Patients with nerve damage due to spinal stenosis were previously examined and were recorded as being unable to walk without losing balance and required the use of a cane. Patients received weekly infusions of EPO with pre and post administration of Lipostabil phoshaptidylcholine. After 3 weeks patients no longer required a cane for stability. After 5 infusions patients were able to walk 1-1.5 mile daily. After 7 infusions walking was increased to 2 miles daily. After 9 infusions patients were able to walk for more than 2 miles daily. After 9 weeks of the combination therapy most patients demonstrated an improvement in hearing, memory, cognition, productivity and energy as well gait and balance.
a) Administration of Sodium Phenylbutyrate (PB)
A butterfly catheter with a 23-gauge needle was inserted into a vein of the antecubital region of one of the subjects' arms. A syringe containing a Sodium Phenylbutyrate composition of 1 to 2 grams of phenylbutyrate diluted in 50 to 55 ml of D5W (5% dextrose in water) was connected to the catheter by a flexible tube. The PB composition was then infused (or “pushed”) into the subject's vein over a period of 15 to 20 minutes.
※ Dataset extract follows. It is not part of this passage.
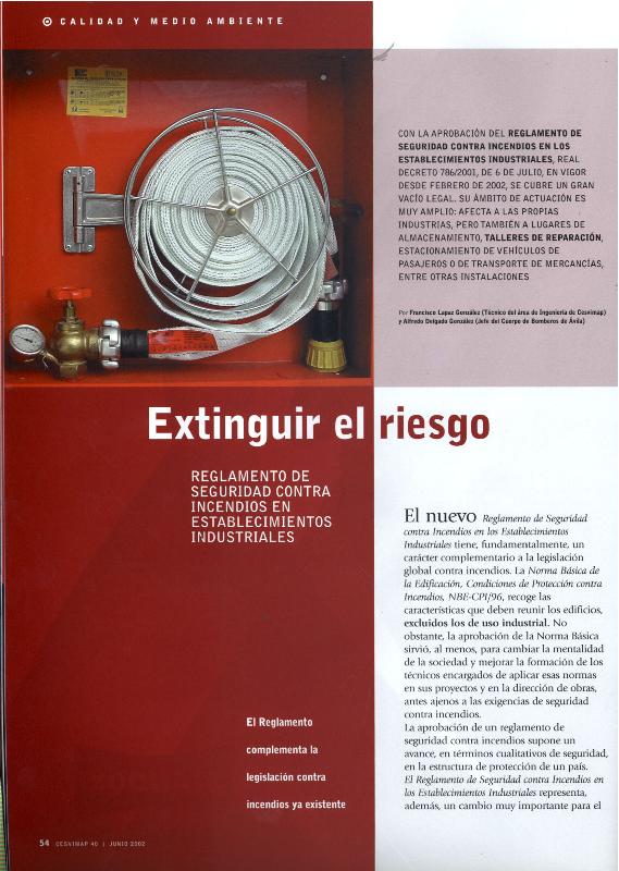 Extinguir el riesgo : nuevo Reglamento de Seguridad contra Incendios en Establecimientos...

Alternatively, 5 to 10 grams of sodium phenylbutyrate may be slowly dripped intravenously by dilution in 250 ml of D5W over 1 to 2 hours.
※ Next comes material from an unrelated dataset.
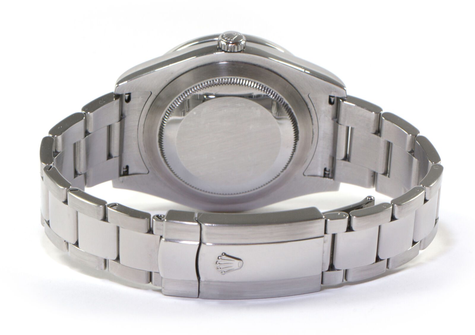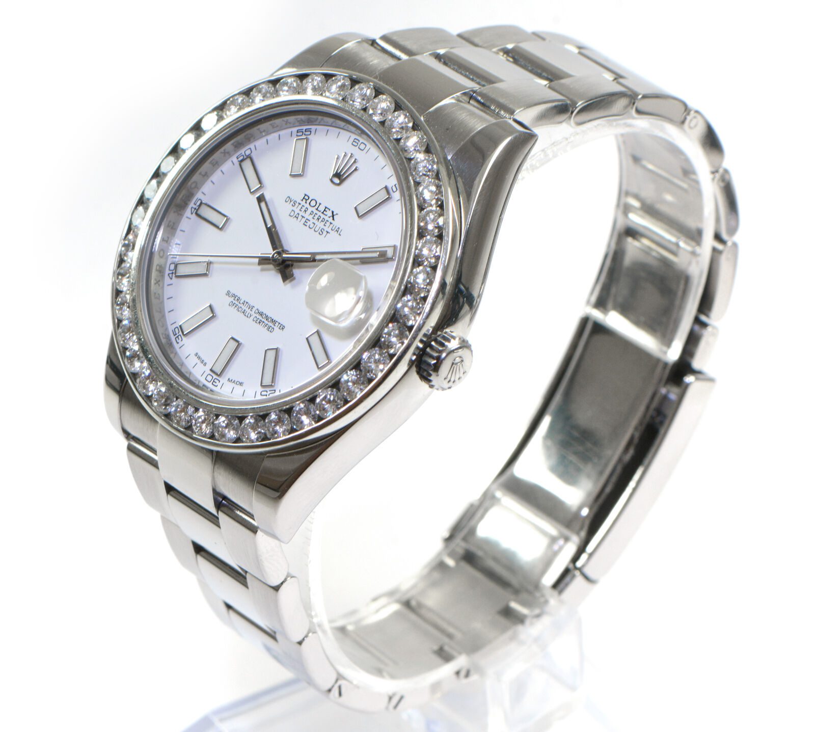 this rolex is in excellent condition and comes with a 12-month warranty. It features a custom 4.5 carat diamond bezel with g color and si clarity diamonds.

b) Administration of PC Composition (first)
A syringe containing the PC (phosphatidylcholine) composition of about 30 cc volume diluted with 30 cc D5W (5% dextrose in water) was connected to the catheter by a flexible tube. The PC composition was then infused (or “pushed”) into the subject over a period of ten minutes.
c) Infusion is continued with the administration of EPO 10,000 Units mixed with 250 mg of PC
d) Administration of PC Composition (second) in the next step of intravenous administration another 30 cc volume diluted with 30 cc D5W (5% dextrose in water) was connected to the catheter by a flexible tube. The PC composition was then infused (or “pushed”) into the subject's vein over a period of ten minutes.
e) Another step in the infusion continues the process with the B vitamin, Leucovorin (Folinic Acid) in a pre-prepared syringe containing about 2 mg (0.2 cc) to about 10 mg (1 cc) of Leucovorin over the period of 2-3 minutes.
f) Intravenous Administration of Reduced Glutathione
The PB, PC (1st), EPO, PC (2nd) and Leucovorin compositions were infused first followed by a pre-prepared syringe containing about 1.5 to 20 cc (300 to 4000 mg) of glutathione generally pre-mixed with an equal portion of sterile water (not saline).
This procedure avoids numerously piercing of the patient by infusing first the PB, then the first PC, then the EPO, then the second PC, the Leucovorin and then the glutathione using the same butterfly catheter with a flexible tube infused (or “pushed”) into the subject over a period of 45 minutes to one hour.
All references discussed herein are incorporated by reference. One skilled in the art will readily appreciate that the present invention is well adapted to carry out the objects and obtain the ends and advantages mentioned, as well as those inherent therein. The present invention may be embodied in other specific forms without departing from the spirit or essential attributes thereof and, accordingly, reference should be made to the appended claims, rather than to the foregoing specification, as indicating the scope of the invention.